Does anyone have sample code for using svydesign function in R?

In the “survey” vignette for R, it shows that you’re supposed to enter ID, weights, data set name, and fpc. In the example it shows the following:

dclus1 <- svydesign(id = ~dnum, weights = ~pw, data = apiclus1, fpc = ~fpc)

FPC is supposed to be the population size, but I do not have this variable in my dataset. What variables should I be using for id and fpc? The variables in my dataset are: year, datanum, serial, HHWT, STATEFIP, GQ, PERNUM, PERWT, AGE, HISPAN, HISPAND, RACAMIND, RACASIAN, RACBLK, RACPACIS, RACWHT, RACOTHER, POVERTY.

Does anyone have sample R code for weighting IPUMS USA data? I would like to get estimates and standard errors.
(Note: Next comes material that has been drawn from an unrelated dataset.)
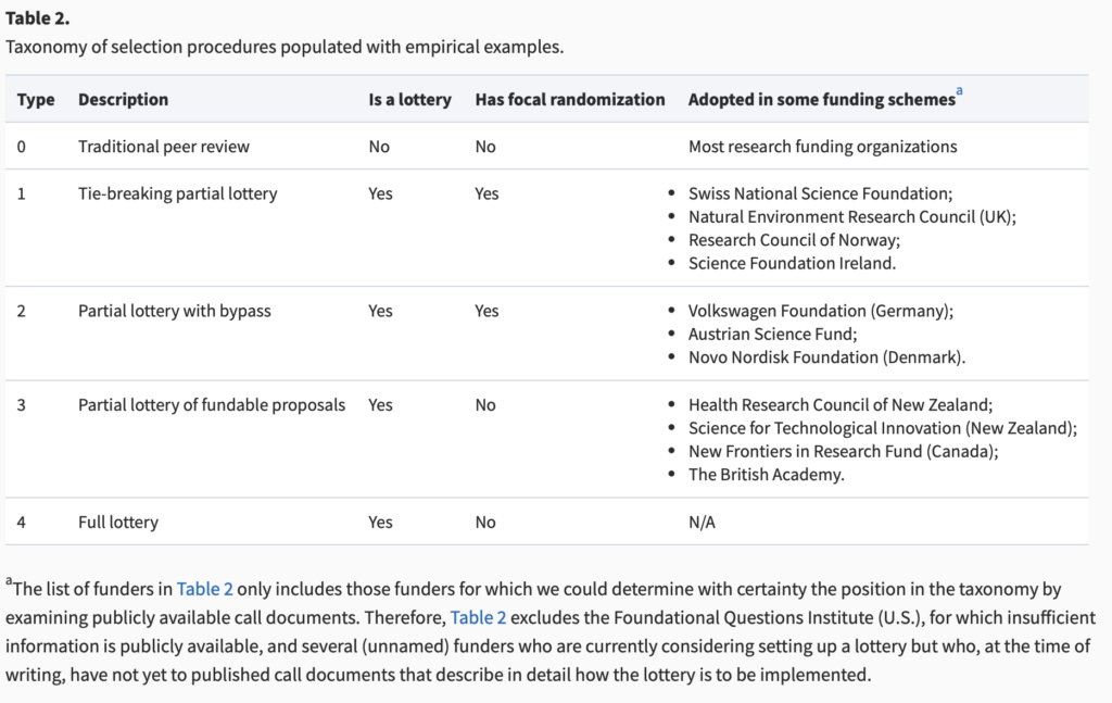 Also, contrary to Dr. Prasad’s have been a number of studies examining whether priority scores for grant applications are predictive of productivity of the PI doing research using the grant funds. Indeed, Feliciani et al recently published a taxonomy of funding mechanisms that involve a lottery, all or in part. Here’s a chart from the review article: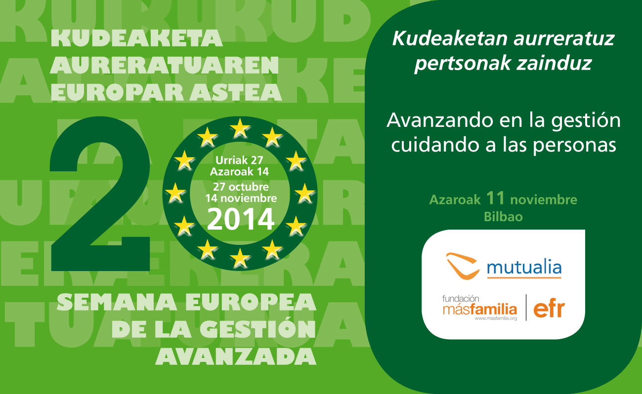 Datorren azaroaren 11rako, MUTUALIAk, “másfamilia” deituriko Fundazioarekin batera, “Kudeaketan aurreratuz pertsonak zainduz” jardunaldia antolatu du eta Bizkaiko Medikuen Elkargoan ospatuko da, Areilza Aretoan, Lersundi kalea, 9 – 6. solairuan, 11.00etatik 13.30etara.

*** Edited on 8/2/21 to fix an error in the code.

Hi there,

The fpc argument is not required, so you can leave it empty. (The FPC argument can give extra precision when you know that the sample design has sampled a significant portion of a particular group. This isn’t the case for IPUMS USA, so the estimates would be indistinguishable with or without the FPC and the data doesn’t have the necessary information to use it. See the help for svydesign or Thomas Lumley’s book “Complex Surveys: A guide to Analysis Using R” for more details.)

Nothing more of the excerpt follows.